**RECORDS PROVIDED:**
----

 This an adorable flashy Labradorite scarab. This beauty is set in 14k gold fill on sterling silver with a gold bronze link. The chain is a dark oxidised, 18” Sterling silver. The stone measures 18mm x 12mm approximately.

----

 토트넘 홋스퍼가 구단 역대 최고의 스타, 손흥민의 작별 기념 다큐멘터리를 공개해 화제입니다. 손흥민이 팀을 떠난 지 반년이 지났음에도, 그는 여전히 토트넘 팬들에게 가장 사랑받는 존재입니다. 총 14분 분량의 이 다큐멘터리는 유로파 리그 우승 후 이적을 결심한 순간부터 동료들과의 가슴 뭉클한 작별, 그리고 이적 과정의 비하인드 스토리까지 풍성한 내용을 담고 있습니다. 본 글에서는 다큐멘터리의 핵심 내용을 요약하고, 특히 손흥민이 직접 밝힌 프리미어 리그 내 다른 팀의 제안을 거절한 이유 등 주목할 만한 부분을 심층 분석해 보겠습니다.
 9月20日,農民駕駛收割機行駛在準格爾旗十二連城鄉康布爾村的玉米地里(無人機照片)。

----

**REQUIREMENT:** Above are records; repeat only the lines starting at the line with "토트넘 홋스퍼가 구단" and ending at the line with "9月20日,農民駕駛收割機行", exactly as they appear, both included.

**PROBLEM SOLUTION:**
 토트넘 홋스퍼가 구단 역대 최고의 스타, 손흥민의 작별 기념 다큐멘터리를 공개해 화제입니다. 손흥민이 팀을 떠난 지 반년이 지났음에도, 그는 여전히 토트넘 팬들에게 가장 사랑받는 존재입니다. 총 14분 분량의 이 다큐멘터리는 유로파 리그 우승 후 이적을 결심한 순간부터 동료들과의 가슴 뭉클한 작별, 그리고 이적 과정의 비하인드 스토리까지 풍성한 내용을 담고 있습니다. 본 글에서는 다큐멘터리의 핵심 내용을 요약하고, 특히 손흥민이 직접 밝힌 프리미어 리그 내 다른 팀의 제안을 거절한 이유 등 주목할 만한 부분을 심층 분석해 보겠습니다.
 9月20日,農民駕駛收割機行駛在準格爾旗十二連城鄉康布爾村的玉米地里(無人機照片)。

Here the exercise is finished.